Two important rules grew out of Carnot and Clausius' work, and these became the basis of the new area of thermodynamics: heat and force. As we have seen, the law of the conservation of energy was established by Clausius, and became known as "the first law of thermodynamics". But there was a more fundamental principle behind the conservation of energy. This is the tendency of energy to dissipate into all parts of a system, to flow from hotter areas to colder areas, until all parts of a system are in thermal equilibrium. When equilibrium is reached, heat flow ceases, and temperatures stop changing, although individual particles colliding with one another can still exchange energy on an individual basis. The rule that at systems tend toward equilibrium became known as the "zeroth" law of thermodynamics.

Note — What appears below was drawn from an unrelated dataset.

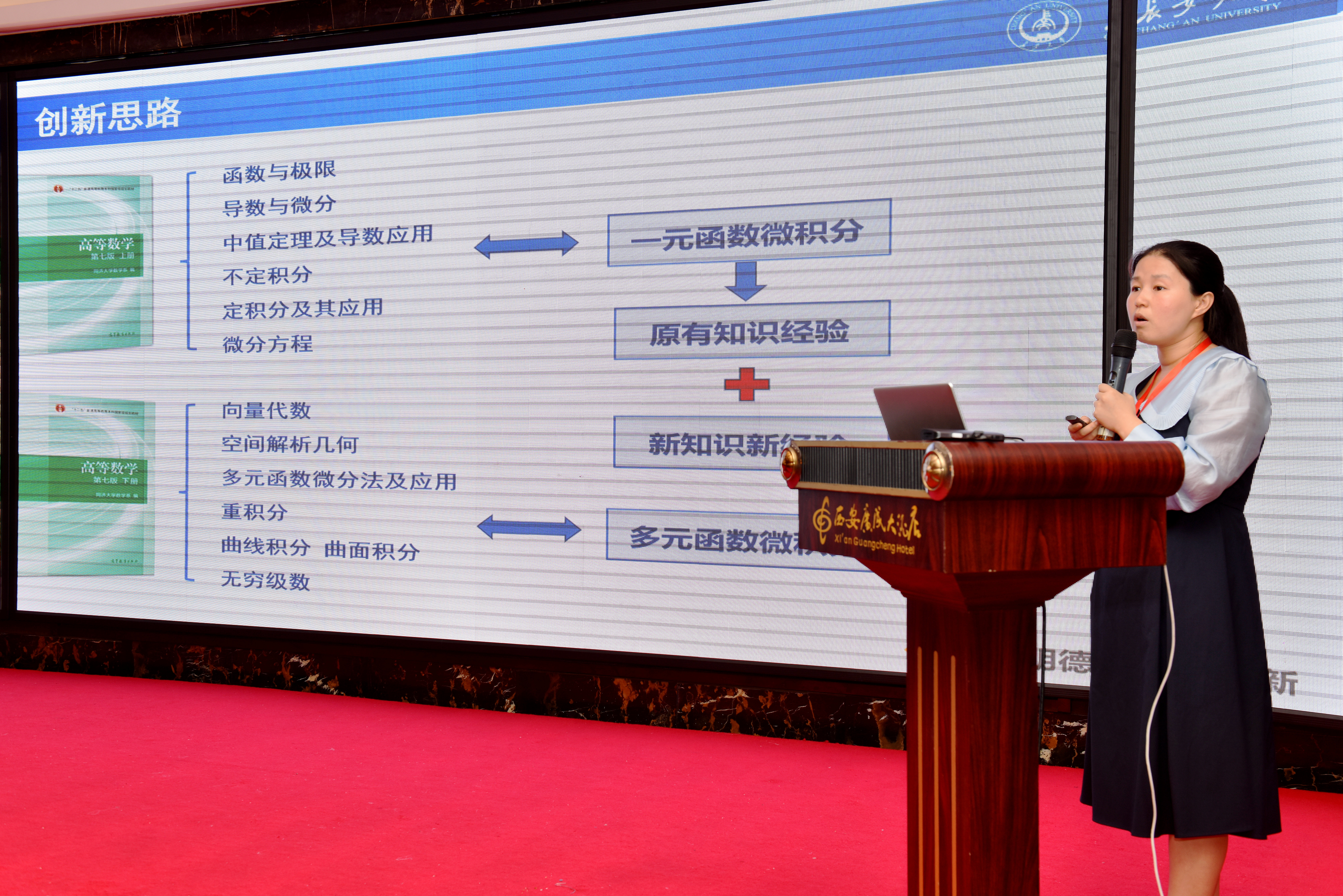 会议的特邀专家分享环节由西安交通大学城市学院副校长朱旭教授主持,特别邀请韩国av 副院长都琳教授以“肩负时代使命 践行课程育人——《概率论与数理统计》课程思政探索与实践”为题进行分享,特别邀请长安大学杨莹老师以“基于建构主义学习理论的《高等数学(下)》课程教学创新——以‘对弧长的曲线积分’为例”为题的课程教学创新示范交流分享。
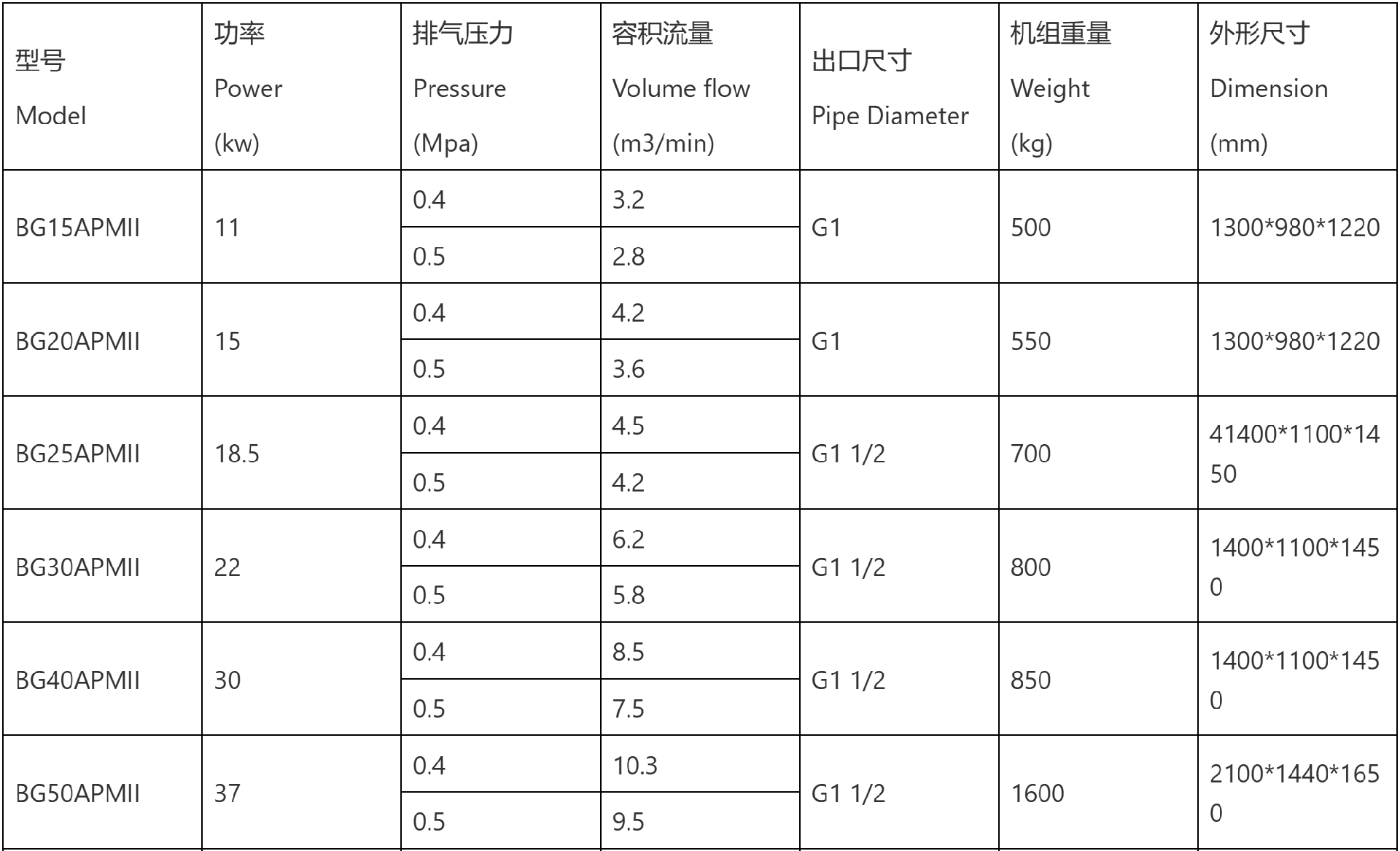 产品描述:经久耐用,技术成熟,产品稳定,超高性价比低压双级压缩永磁变频螺杆空压机技术参数/Technical parameter型号Model功率Power(kw)排气压力Pressure(Mpa)容积流量Volume flow(m3/min)出口尺寸Pipe Diameter机组重量Wei···

The first law of thermodynamics states that energy in a system is always conserved. Another way to state this is that the total amount of energy in a system cannot change: energy cannot be created or destroyed.
We need to look at the conditions under which this happens. A system is some collection of objects in space, with a recognized boarder. We can arbitrarily designate a system as whatever we happen to be studying at the time: the contents of a thermos bottle, a container of gas particles, a car on a street, the earth, or the entire universe. The ability of energy or matter to cross the boundaries of the system define the kind of system we have.
One form of the conservation of energy states that heat flow is equal to the total amount of energy in a system minus the work done on the system by its surroundings, or by the system on its surroundings. We can apply this idea to the steam engine this way:
The piston is a system. Heat enters the system, and the gases inside the piston expand, pushing the piston cap up. This compresses the volume outside the piston -- that is, the piston does work on its environment. As the piston cools and heat flows out of the system, the cap drops and the volume inside the piston contracts. The environment is doing work on the system of the piston. The amount of work done depends on the heat flow into and out of the piston. The "efficiency" of the engine depends on the ratio of much heat we put in to how much heat we get out. The greater this difference, the more heat energy goes into work energy.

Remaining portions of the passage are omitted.